▸ **Instructions for the task**
Restate the data exactly as given and keep the pictures out.

▸ **Records supplied**
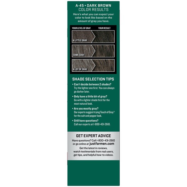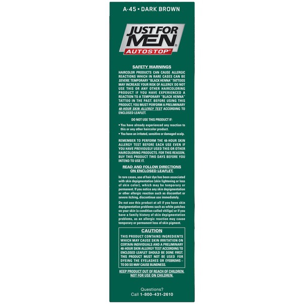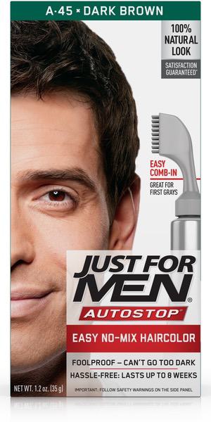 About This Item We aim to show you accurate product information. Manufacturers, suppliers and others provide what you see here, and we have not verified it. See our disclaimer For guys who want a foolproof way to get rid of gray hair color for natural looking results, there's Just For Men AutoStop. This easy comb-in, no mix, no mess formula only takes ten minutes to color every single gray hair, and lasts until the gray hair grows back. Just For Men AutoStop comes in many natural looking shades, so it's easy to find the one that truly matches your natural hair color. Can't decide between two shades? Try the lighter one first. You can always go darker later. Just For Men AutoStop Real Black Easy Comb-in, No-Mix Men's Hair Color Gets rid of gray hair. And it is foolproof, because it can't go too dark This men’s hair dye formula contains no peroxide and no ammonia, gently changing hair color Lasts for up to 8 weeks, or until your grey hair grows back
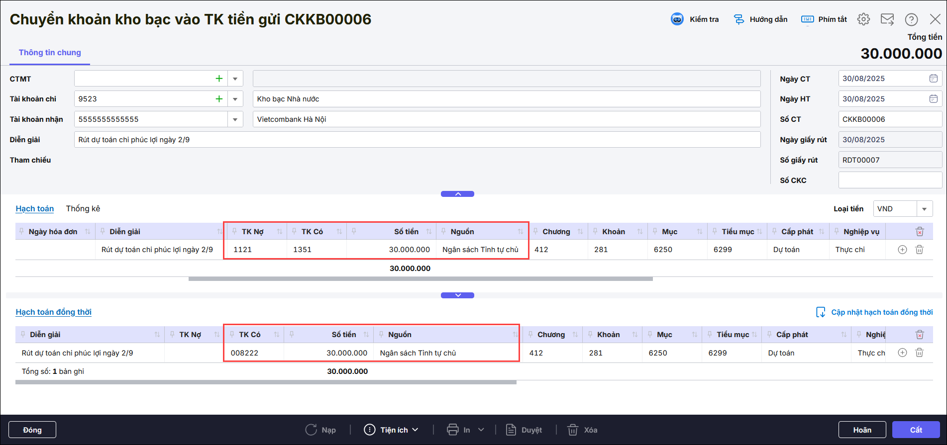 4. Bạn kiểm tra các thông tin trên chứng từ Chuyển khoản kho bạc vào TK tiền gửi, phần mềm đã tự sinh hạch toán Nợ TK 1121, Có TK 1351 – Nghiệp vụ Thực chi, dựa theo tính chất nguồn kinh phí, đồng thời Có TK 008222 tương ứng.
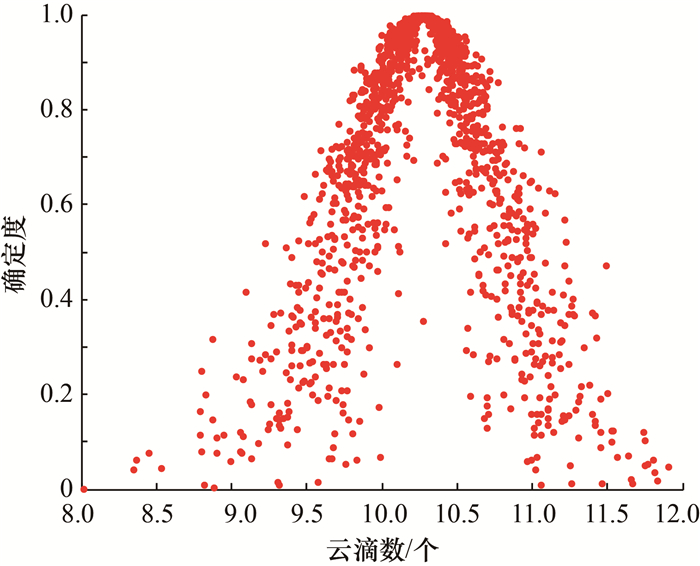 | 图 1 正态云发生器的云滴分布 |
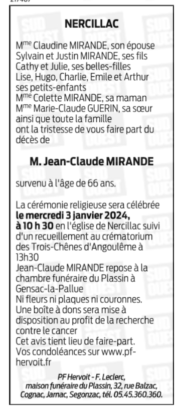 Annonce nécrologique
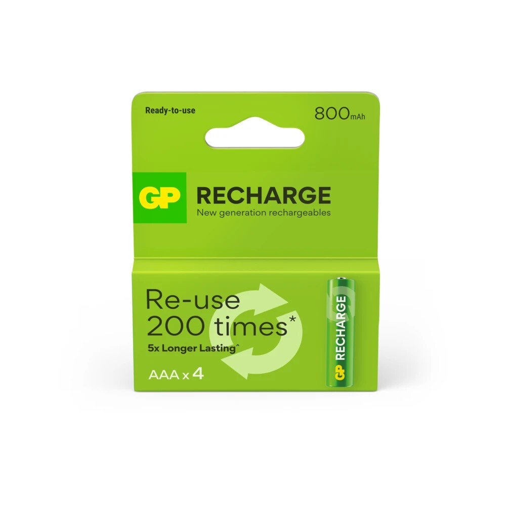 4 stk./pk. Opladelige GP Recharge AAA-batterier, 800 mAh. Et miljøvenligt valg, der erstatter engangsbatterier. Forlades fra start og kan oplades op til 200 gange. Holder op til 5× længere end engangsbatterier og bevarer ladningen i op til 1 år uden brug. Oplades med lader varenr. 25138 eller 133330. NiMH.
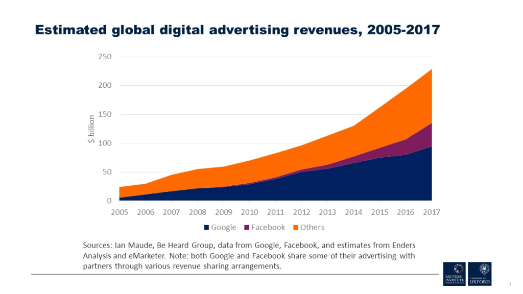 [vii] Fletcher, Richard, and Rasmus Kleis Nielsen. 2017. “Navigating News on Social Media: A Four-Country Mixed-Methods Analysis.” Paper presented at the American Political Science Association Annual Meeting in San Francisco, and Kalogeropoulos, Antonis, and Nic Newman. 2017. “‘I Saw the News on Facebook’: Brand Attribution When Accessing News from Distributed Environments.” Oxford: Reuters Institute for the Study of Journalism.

▸ **Solution to this problem**
 About This Item We aim to show you accurate product information. Manufacturers, suppliers and others provide what you see here, and we have not verified it. See our disclaimer For guys who want a foolproof way to get rid of gray hair color for natural looking results, there's Just For Men AutoStop. This easy comb-in, no mix, no mess formula only takes ten minutes to color every single gray hair, and lasts until the gray hair grows back. Just For Men AutoStop comes in many natural looking shades, so it's easy to find the one that truly matches your natural hair color. Can't decide between two shades? Try the lighter one first. You can always go darker later. Just For Men AutoStop Real Black Easy Comb-in, No-Mix Men's Hair Color Gets rid of gray hair. And it is foolproof, because it can't go too dark This men’s hair dye formula contains no peroxide and no ammonia, gently changing hair color Lasts for up to 8 weeks, or until your grey hair grows back
 4. Bạn kiểm tra các thông tin trên chứng từ Chuyển khoản kho bạc vào TK tiền gửi, phần mềm đã tự sinh hạch toán Nợ TK 1121, Có TK 1351 – Nghiệp vụ Thực chi, dựa theo tính chất nguồn kinh phí, đồng thời Có TK 008222 tương ứng.
 | 图 1 正态云发生器的云滴分布 |
 Annonce nécrologique
 4 stk./pk. Opladelige GP Recharge AAA-batterier, 800 mAh. Et miljøvenligt valg, der erstatter engangsbatterier. Forlades fra start og kan oplades op til 200 gange. Holder op til 5× længere end engangsbatterier og bevarer ladningen i op til 1 år uden brug. Oplades med lader varenr. 25138 eller 133330. NiMH.
 [vii] Fletcher, Richard, and Rasmus Kleis Nielsen. 2017. “Navigating News on Social Media: A Four-Country Mixed-Methods Analysis.” Paper presented at the American Political Science Association Annual Meeting in San Francisco, and Kalogeropoulos, Antonis, and Nic Newman. 2017. “‘I Saw the News on Facebook’: Brand Attribution When Accessing News from Distributed Environments.” Oxford: Reuters Institute for the Study of Journalism.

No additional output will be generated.